Amorphous metals crystallize when they do not cool fast enough in a viscous or liquid state to prevent atoms from forming structures with each other. For a given alloy, this characteristic is defined by the critical cooling rate Rc (i.e., the minimum cooling rate that is maintained between the melting point and the glass transition temperature so as to maintain the amorphous state of the material). Therefore, it is desirable to have a mold 10 made of a material that dissipates thermal energy well enough to ensure a cooling rate R greater than Rc. Conventionally, casting molds are made of steel or copper alloy so as to have a high R value.
However, for parts with small dimensions or fine and complex details, this ability to dissipate thermal energy cannot be excessive. If this capacity is too great, there is a risk that the first material forming the first part solidifies before it completely fills the cavity 12 of the mould 10.
For this reason, the present application proposes a criterion of using a combination of the thermal runaway rates E and Rc.
The thermal runaway rate of a material characterizes its ability to exchange thermal energy with its surrounding environment. It is given by:
wherein:
lambda: thermal conductivity of materials (in W.m -1 ·K -1 Meter),
ρ: density of material (in kg.m -3 Meter),
c: heat capacity per unit mass of material (in j.kg -1 ·K -1 Meter),
at this time, the rate of escape is J/K/m 2 /s 0.5 And (5) measuring.
Depending on the thickness of the first part to be manufactured, this rate of escape makes it possible to obtain a cooling which ensures the amorphous state of the material, i.e. R>Rc. In fact, if the escape rate criterion is large, the amorphous nature is related to the thickness of the part to be manufactured. It is easily understood that for a given thickness, at high escape rates, there is a risk of the material solidifying before it fills the entire mould; and if the escape rate is too low, there is a risk of crystallization. According to the application, it is considered that the dissipation rate should be selected from 250-2500J/K/m 2 /s 0.5 Is not limited in terms of the range of (a). As an example of a material, the rate of escape of the plaster-type material is 250-1000J/K/m 2 /s 0.5 The method comprises the steps of carrying out a first treatment on the surface of the And zircon loss rate of 2300J/K/m 2 /s 0.5
With the selected escape rate characteristics of the present application, a first part having a thickness of 0.5mm or greater can be obtained without the material solidifying before completely filling the cavity. It is clear that parts or parts with a thickness of less than 0.5mm can be filled correctly, provided that they have punctiform details and have small dimensions.
The second step comprises providing a first material, i.e. the material constituting the first part 1. Once the material is provided, the remainder of this second step consists of shaping it, as shown in figures 3 and 4. For this purpose, a casting process is used.
The method comprises taking the first material provided in the third step, but not subjecting it to a treatment that renders it at least partially amorphous, and converting it into a liquid form. This conversion to liquid form is achieved by melting the first material in pouring vessel 20.
Once the first material is in liquid form, it is poured into the mould cavity 2. When the mould cavity 2 is full or at least partly full, the first material is cooled to bring it into an amorphous form. According to the application, the cooling is achieved by heat dissipation of the mould 10, i.e. by using only the thermal properties of the material constituting the mould, in other words, the cooling is only due to the rate of escape of the mould and only at the mould/air interface, so that the metallic material of the component becomes amorphous or at least partly amorphous in character. Thus, cooling is accomplished without the use of any quenching medium other than air or gas (e.g., helium).

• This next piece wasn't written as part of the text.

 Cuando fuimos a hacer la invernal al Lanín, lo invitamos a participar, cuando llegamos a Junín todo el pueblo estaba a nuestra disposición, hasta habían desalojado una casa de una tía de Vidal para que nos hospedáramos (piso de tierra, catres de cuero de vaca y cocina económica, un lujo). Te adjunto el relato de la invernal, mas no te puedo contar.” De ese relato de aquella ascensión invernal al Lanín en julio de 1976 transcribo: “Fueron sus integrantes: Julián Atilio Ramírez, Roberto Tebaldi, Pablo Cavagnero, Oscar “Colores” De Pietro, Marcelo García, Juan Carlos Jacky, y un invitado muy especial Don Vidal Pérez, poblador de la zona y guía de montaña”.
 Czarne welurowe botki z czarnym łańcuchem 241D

As a reminder, the materials constituting the mold 10 are selected to have a thickness of 250-2500J/K/m 2 /s 0.5 The rate of dissipation of a material is the ability of the material to exchange thermal energy with its surroundings. Therefore, at the same thickness, the higher the escape rate, the greater the cooling.

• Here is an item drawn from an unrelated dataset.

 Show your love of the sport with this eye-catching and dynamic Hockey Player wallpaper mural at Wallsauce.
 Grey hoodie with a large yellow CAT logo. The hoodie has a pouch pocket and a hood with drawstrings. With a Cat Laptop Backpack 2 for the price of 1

At these slip values, the cooling rate R is low relative to conventionally used metal molds. For comparison, the steel has a slip of more than 10 000J/K/m 2 /s 0.5 Copper is greater than 35 000J/K/m 2 /s 0.5 . For this reason, it is necessary to use a first material having a low critical cooling rate Rc in order to ensure an amorphous or partially amorphous state of the part to be manufactured. The critical cooling rate Rc is lower than 15K/s. The alloys used are given, for example, by the following composition: zr58.5cu15.6ni12.8al10.3nb2.8 (rc=10K/s), zr41.2ti13.8cu12.5ni10be22.5 (rc=1.4K/s) or Pd43Cu27Ni10P20 (rc=0.10K/s). Other alloys forming the first material may be, for example (in at%): pd43Cu27Ni10P20, pt57.5Cu14.7Ni5.3P22.5, zr52.5Ti2.5Cu15.9Ni14.6Al12.5Ag2, zr52.5Nb2.5Cu15.9Ni14.6Al12.5Ag2, zr56Ti2Cu22.5Ag4.5Fe5Al10, zr56Nb2Cu22.5Ag4.5Fe5Al10, zr61Cu17.5Ni10Al7.5Ti2Nb2 and Zr44Ti1Cu9.8Ni10.2Be25. It should therefore be understood that the mould used in the present application cannot be made of metallic material.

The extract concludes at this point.